The beep-beep chorus of the song clearly references the Roadrunner animated character with its triumphant beep-beep.

== Background and recording ==
The session(s) for "Road Runner" took place late September 1959 at Chess Studios in Chicago and backing Diddley (vocals, guitar) were Jerome Green (maracas, backing vocals), Clifton James (drums), guest pianist Otis Spann, Peggy Jones (guitar, backing vocals), and Bobby Baskerville (backing vocals).

== Other versions ==
The American garage band the Gants released "Road Runner" as a single in 1965 and it made #46 on the Billboard Hot 100 and is their only Billboard charter.

The early Canadian rock band the Count Victors released a cover version in 1963, Coral 62356.

Many British Invasion artists have recorded "Road Runner":
- "Road Runner" (as well as "Diddley Daddy") was recorded by the Rolling Stones during one of their first recording sessions at IBC Studios in London, England on March 11, 1963.

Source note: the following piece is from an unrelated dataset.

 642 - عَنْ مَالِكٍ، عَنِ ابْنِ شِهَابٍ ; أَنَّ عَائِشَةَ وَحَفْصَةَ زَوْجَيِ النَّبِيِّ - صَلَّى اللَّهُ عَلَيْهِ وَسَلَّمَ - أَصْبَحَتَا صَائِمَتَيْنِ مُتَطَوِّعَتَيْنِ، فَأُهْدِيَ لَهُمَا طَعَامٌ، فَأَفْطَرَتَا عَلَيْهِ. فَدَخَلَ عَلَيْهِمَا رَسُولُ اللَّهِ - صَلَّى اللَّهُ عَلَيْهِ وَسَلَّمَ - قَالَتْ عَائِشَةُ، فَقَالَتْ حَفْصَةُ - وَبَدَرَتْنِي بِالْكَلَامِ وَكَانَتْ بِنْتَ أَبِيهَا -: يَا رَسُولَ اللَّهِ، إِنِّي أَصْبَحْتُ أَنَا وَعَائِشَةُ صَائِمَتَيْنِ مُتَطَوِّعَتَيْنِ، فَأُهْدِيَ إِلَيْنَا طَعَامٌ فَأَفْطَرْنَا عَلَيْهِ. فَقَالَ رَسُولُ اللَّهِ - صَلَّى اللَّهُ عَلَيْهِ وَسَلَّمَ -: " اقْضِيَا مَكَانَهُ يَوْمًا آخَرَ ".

- In June 1963, Wayne Fontana & the Mindbenders released their version of "Road Runner" as the B-side of "Hello Josephine"; an alternate version was released on their “Road Runner” EP in June 1964.
- In March 1965, the Pretty Things released the song on their eponymous debut album. Their version was issued as a single and peaked at no. 11 on the Dutch Singles Chart.
- Also in March 1965, the Zombies released a version on their first album Begin Here.
- In May 1965, the Animals released the song on their second UK release of Animal Tracks.
- In June 1979, a medley of "Road Runner", "Join Together", and "My Generation Blues" was released by the Who on the soundtrack to The Kids Are Alright. The track was actually recorded in December 1975 at the Pontiac Silverdome.The Who covered the song sporadically during the 70's but haven't performed it since 1979.
- In March 2004, Aerosmith released a version on their covers album Honkin' On Bobo.

The song was also recorded as a part of the Backbeat soundtrack by a supergroup consisting of Dave Grohl, Dave Pirner, Thurston Moore, Mike Mills, Greg Dulli and Don Fleming.

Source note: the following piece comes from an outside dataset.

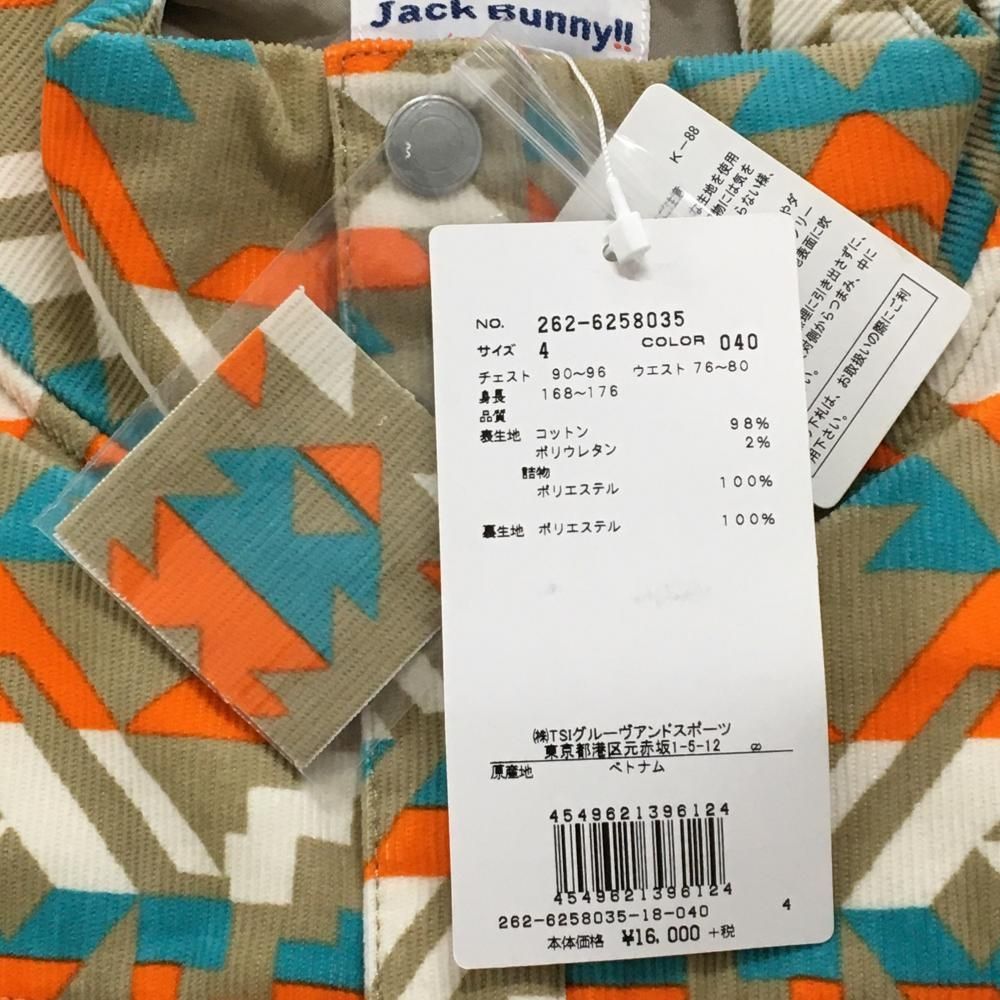 ジャックバニー 中綿コーデュロイベスト ベージュ×オレンジ 総柄 メンズ 4 M ゴルフウェア Jack Bunny

The Finnish band Hurriganes covered the song on their 1974 album Roadrunner, considered one of the most iconic rock'n'roll albums in Finland.

== Use in media ==

Starting in February 2012, the song was being used as the background music in a Mazda car commercial for their SkyActiv technology. A short clip of Diddley singing it was included.

The song was featured in the 2013 Martin Scorsese film The Wolf of Wall Street.